A Raman Spectroscopic Study of Kernite to 25 GPa

Abstract:

A Raman spectroscopic study of kernite to 25 GPa

Marcus Silva, Earl O'Bannon III, and Quentin Williams

Department of Earth & Planetary Sciences, University of California Santa Cruz

The Raman spectrum of kernite (Na₂B₄O₆(OH)₂·3(H₂O)) has been characterized up to ~25 GPa in order to explore pressure-induced changes in a structurally novel mineral that contains mixed coordination borate groups (three- and four-fold), and both hydroxyl units and water. During compression, all of the ~30 modes monitored shift positively and monotonically until ~2.2 GPa where a few low frequency modes disappear and tetrahedral borate modes merge.

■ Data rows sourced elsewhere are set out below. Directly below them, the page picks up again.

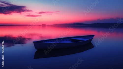 Serene Boat Silhouette at Dusk, a tranquil scene featuring a sleek boat outline gently resting on still water, bathed in the soft glow of a fading sunset.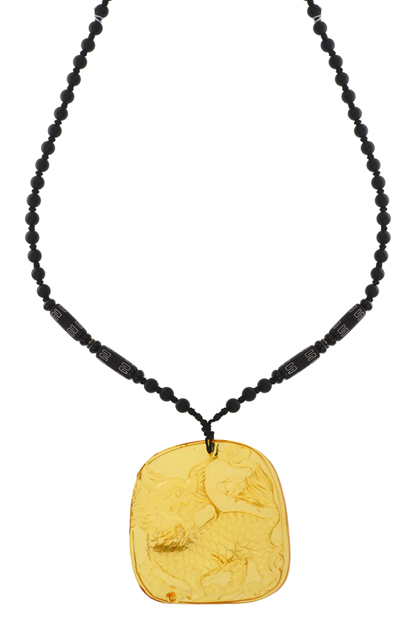 With carved dragon design, suspended from a treen and onyx bead necklace.
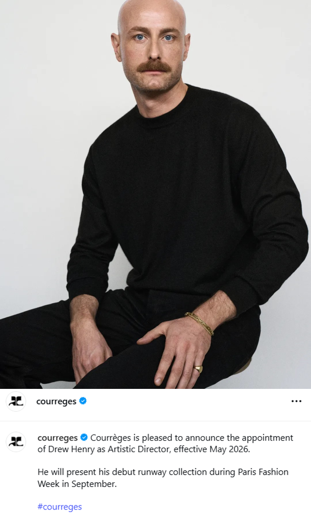 5월부터 드류 헨리가 꾸레쥬에 아티스틱 디렉터로 합류한다는 소식입니다. 오는 9월 파리 패션위크에서 첫 런웨이 컬렉션을 선보일 예정이죠.

The low frequency modes that disappear at ~2.2 GPa are likely associated with Na vibrations, and their disappearance suggests that dramatic changes occur in the Na sites at ~2.2 GPa. The merging of the boron bending and stretching modes at ~2.2 GPa suggests that the local symmetry of the BO₄ tetrahedra changes at this pressure, and likely becomes more symmetric. The remaining modes shift positively up to ~7.4 GPa where a second notable change occurs. All but 5 modes (with initial frequencies of 150, 166, 289, 307, and 525 cm^-1) disappear at ~7.4 GPa. This indicates that a second phase transition has occurred which affects both the BO₃H and BO_4­ groups: based on the loss of modes, this transition may be associated with disordering of the crystal. These 5 modes persist and shift monotonically up to ~25 GPa. On decompression, the 5 modes shift smoothly down to ~2.0 GPa where a few new modes appear in the spectrum. When fully decompressed to room pressure, the Raman spectrum of the recovered sample is significantly different from the ambient spectrum of the initial sample. Thus, our results are suggest a phase transition occurring at 2.2 GPa with changes in the Na and tetrahedral boron sites, followed by an additional transition at 7.4 GPa that may involve disordering of the crystal. In the latter transition, at least the BO₃H groups appear to be destabilized, implying that the three-fold coordination of boron groups is, in contrast to the case of carbon, unstable in crystalline phases at relatively modest pressure conditions.